In the vast majority of cases, malicious content is installed into a web site without the knowledge of the web site administrator. In some cases, however, the malicious content is installed with the web site administrator's knowledge. In either case, when the web page of the web site containing malicious content has been visited by a user's web browser, it is often too late and the malicious content has already been downloaded and executed by the user's computer.
Although some anti-virus solutions exist that make an attempt to monitor a user's browsing activities (and thereby protect the user against web sites hosting malicious content), those anti-virus solutions require regular updating in order to be effective.

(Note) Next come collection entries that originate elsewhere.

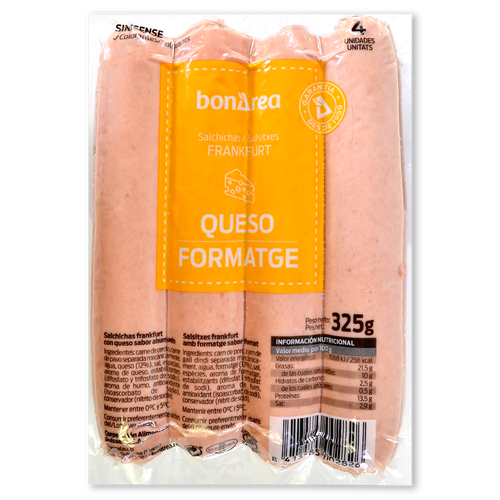 carne y grasa de cerdo, carne separada mecánicamente de pavo (27%), agua, QUESO (12%), sal, aromas, estabilizantes (tri- y difosfatos), aroma de humo, antioxidante (isoascorbato de sodio) y conservador (nitrito de sodio).
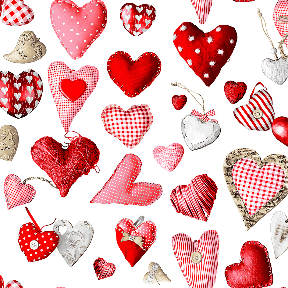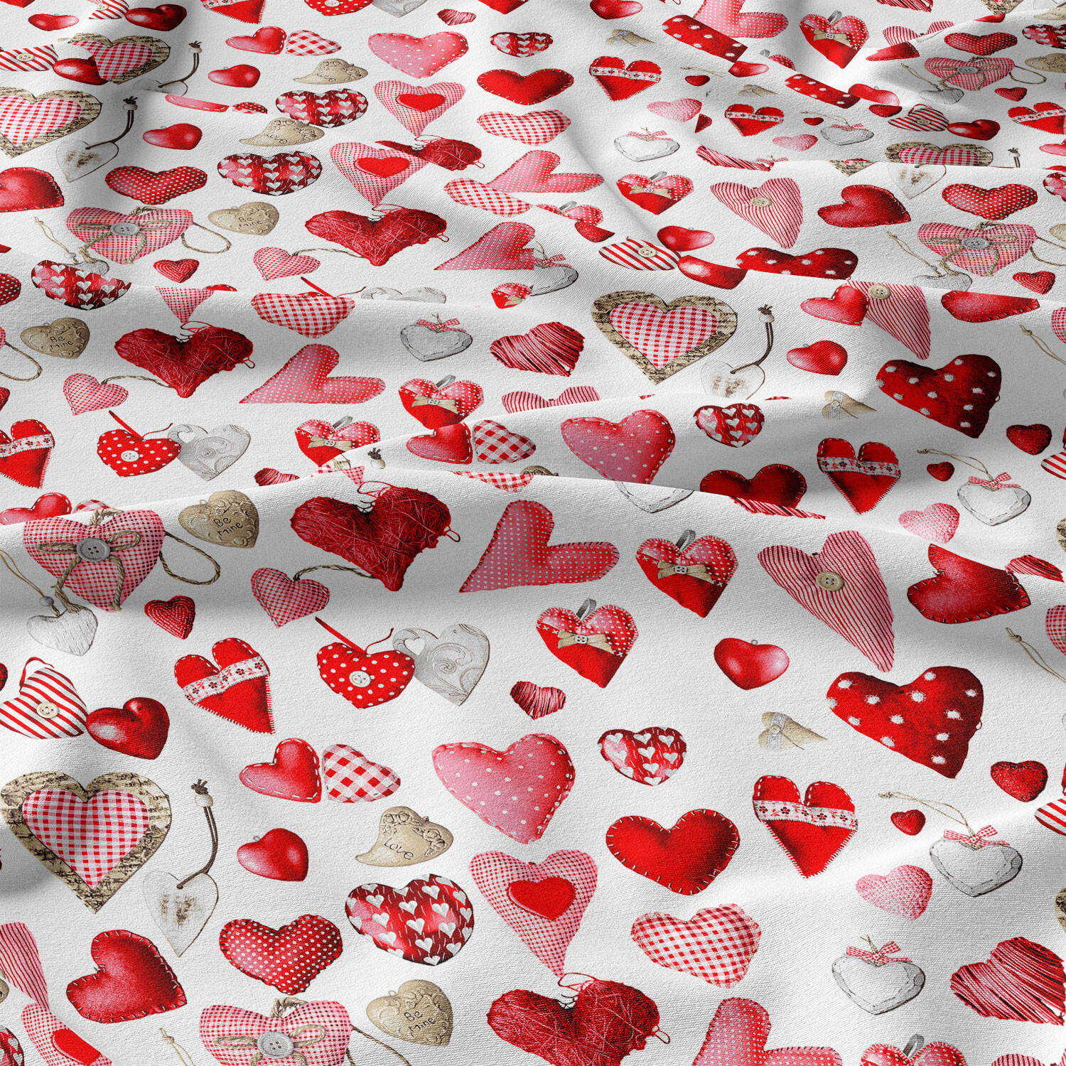 Tissu coton au métre couleur Blanche, coeurs Multicolore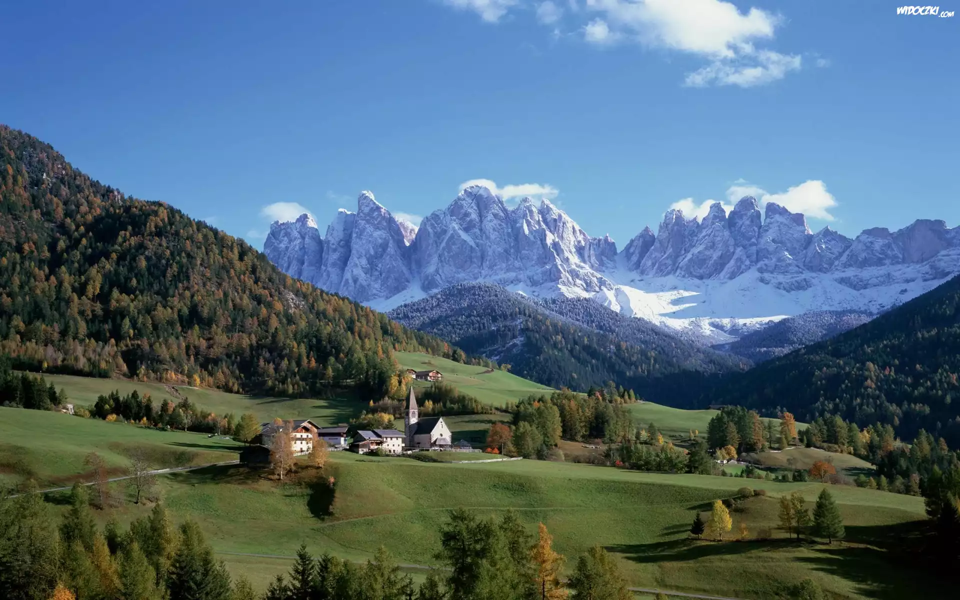 Zdjęcia, Góry, Łąki, Niebo, Kościółek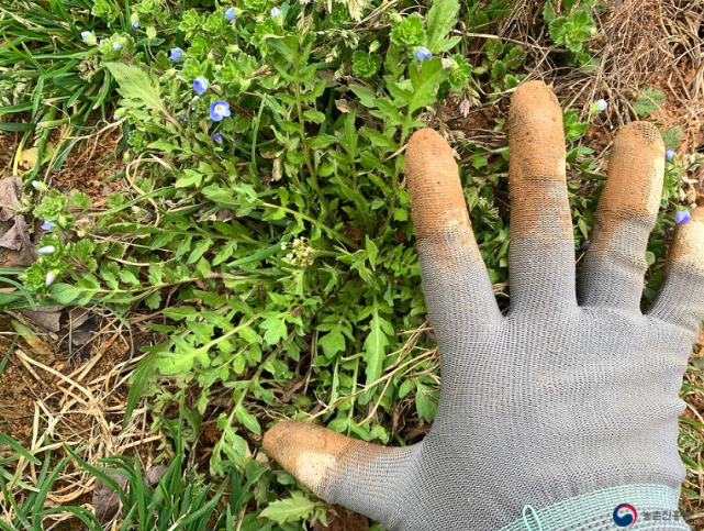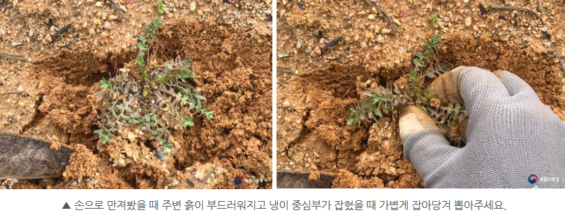 부드러운 흙에 사는 냉이는 손으로도 쉽게 뽑을 수 있지만 단단한 땅에서 캘 때는 호미를 이용하는 것이 좋다고 합니다. 힘으로 뽑았다가는 잎만 뜯어질 수 있다고 합니다.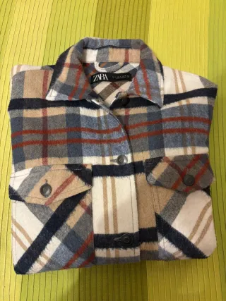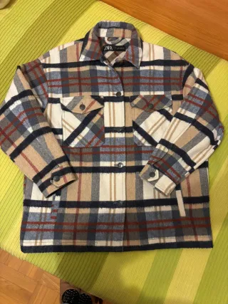 Chaqueta de cuadros de Zara. - Diseño de cuadros en tonos tierra, azul y rojo. - Cierre de botones. - Dos bolsillos en el pecho con botón.
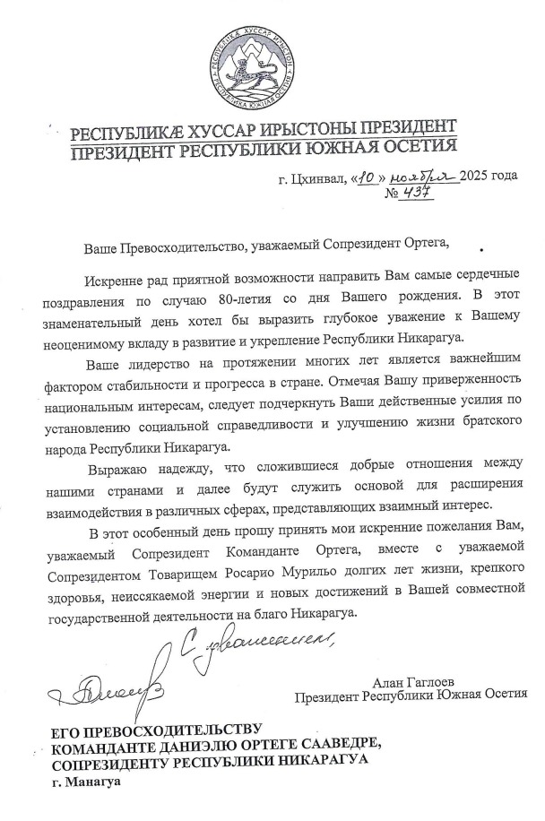 NICARAGUA / El Presidente de la República de Osetia del Sur, Alan Gagloev, envió un cordial mensaje de felicitación al Comandante Daniel Ortega por su cumpleaños.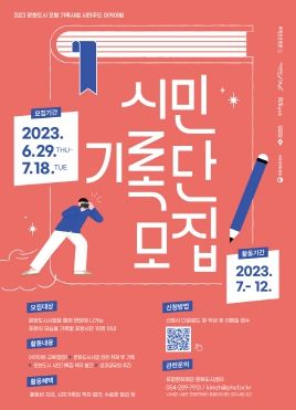 한편 문화도시 시민기록단 신청 접수는 오는 18일 오후 6시까지며, 자세한 내용은 포항문화재단 홈페이지 공지 사항에서 확인할 수 있다. 관련 문의는 포항문화재단 문화도시센터로 하면 된다.
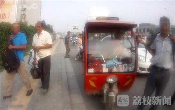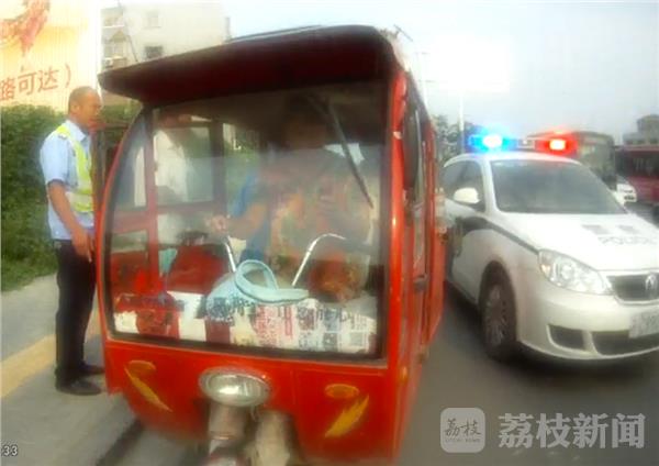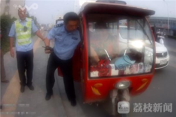 当天中午,徐州交警九里大队民警,在巡逻至310国道与311国道交汇处时,发现这辆“红棚子”电三轮行驶途中晃晃悠悠,从车窗看上去车内拉了不少人,交警立即将其截停对其进行检查。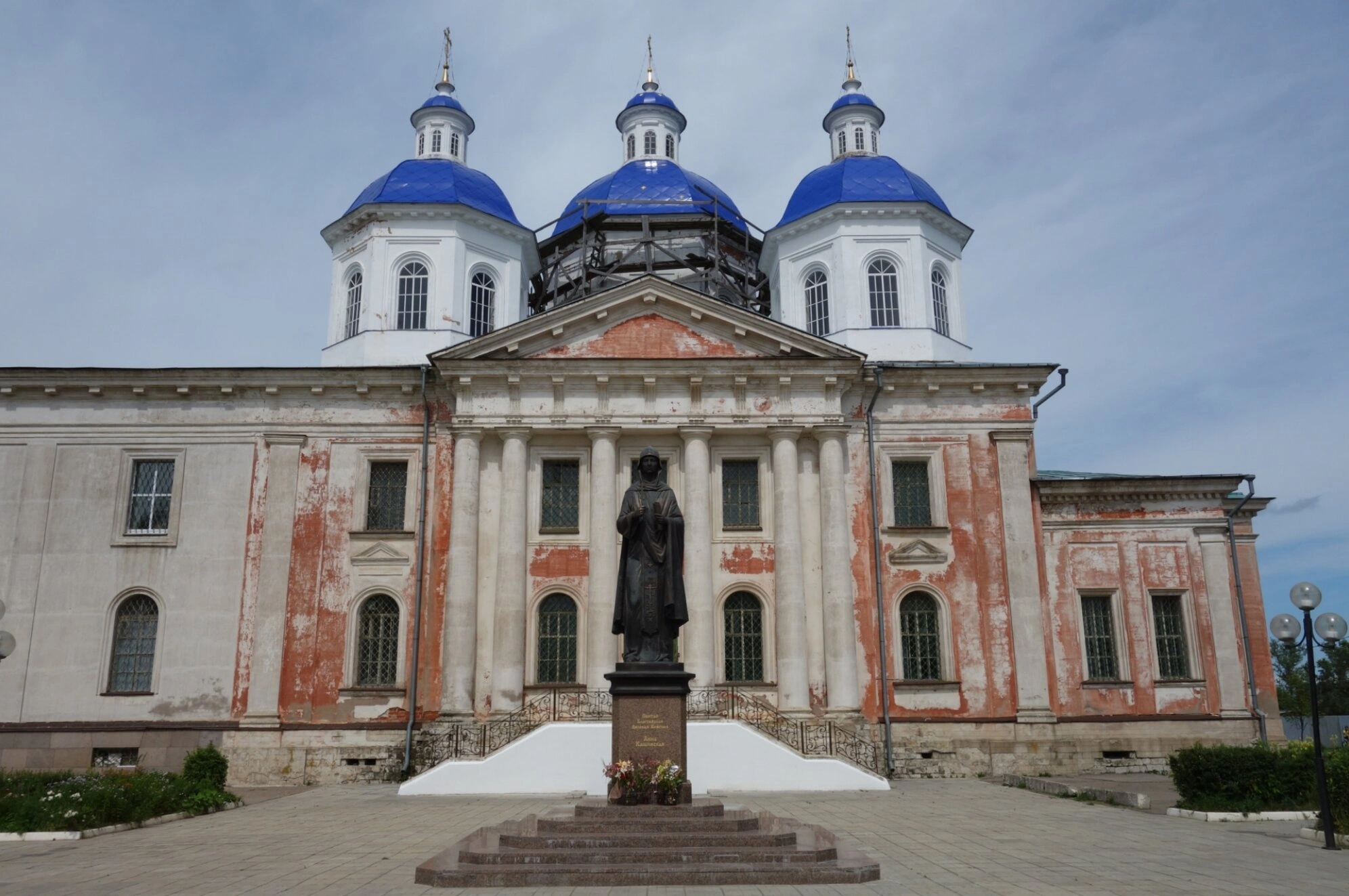 На представленной фотографии запечатлён Воскресенский кафедральный собор, расположенный в древнем городе Кашине Тверской области. На переднем плане снимка находится бронзовый памятник святой благоверной княгине Анне Кашинской, установленный у стен храма. Собор, возводившийся на протяжении 1796–1867 годов, является одним из самых грандиозных храмовых сооружений Тверской земли. Его архитектура отличается монументальностью: композиция включает апсиду, пятиглавый храм, трапезную и трёхъярусную колокольню высотою более 70 метров. Фасады украшены шестиколонными портиками тосканского ордера, а завершают строение три синих купола, увенчанных крестами. В настоящее время центральный купол находится в процессе реставрации, что видно по установленным строительным лесам.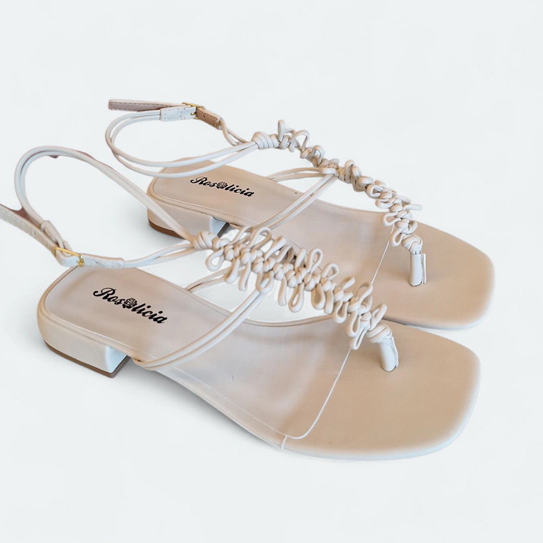 SANDÁLIA OFF-WHITE COM DETALHE EM NÓS – MODERNA E DELICADA, COM DESIGN MINIMALISTA E TIRAS FINAS QUE VALORIZAM OS PÉS. CONFORTO E ELEGÂNCIA EM UMA PEÇA VERSÁTIL PARA DIVERSAS OCASIÕES.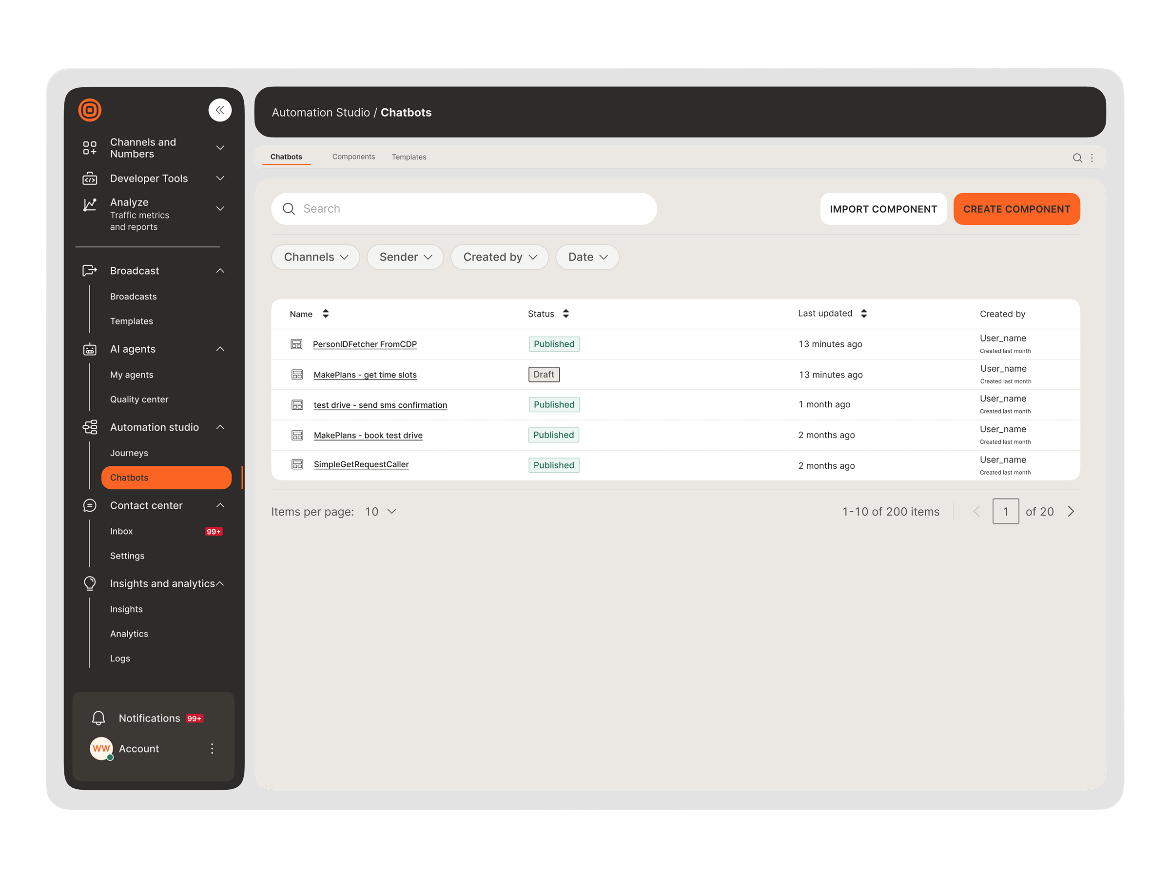 Monitor key metrics in real-time, analyze trends through detailed reports, and build custom dashboards that track what matters to your business. See how chatbots perform within journeys and turn data into actionable improvements – all from one central hub.

If the virus signature database of those anti-virus solutions should become out of date, the solutions become quite ineffective at detecting and protecting against malicious content. Additionally, many computer users are not savvy with regards to computer security and often fail to install or maintain anti-virus protection. As a result, web sites including malicious code or content are increasingly becoming a common attack vector for computer viruses, phishing schemes, and the like.
Should malicious content be installed onto a web site (in most cases, without the administrator's knowledge), there can be severe consequences for the web site. Once a web site has been identified as containing malicious content (or links to such malicious content) a number of online services may rank that web site as being untrustworthy. Once a web site has a reputation as being untrustworthy, even after the malicious content has been removed from the web site, users may continue to be warned by these online services to avoid the web site. Accordingly, even after the malicious content has been removed and the web site poses no risks to users, the web site may see a severe reduction in traffic, greatly affecting the administrator's business.
Before any embodiments of the invention are explained in detail, it is to be understood that the invention is not limited in its application to the details of construction and the arrangement of components set forth in the following description or illustrated in the following drawings. The invention is capable of other embodiments and of being practiced or of being carried out in various ways. Also, it is to be understood that the phraseology and terminology used herein is for the purpose of description and should not be regarded as limiting. The use of “including,” “comprising,” or “having” and variations thereof herein is meant to encompass the items listed thereafter and equivalents thereof as well as additional items. Unless specified or limited otherwise, the terms “mounted,” “connected,” “supported,” and “coupled” and variations thereof are used broadly and encompass both direct and indirect mountings, connections, supports, and couplings. Further, “connected” and “coupled” are not restricted to physical or mechanical connections or couplings.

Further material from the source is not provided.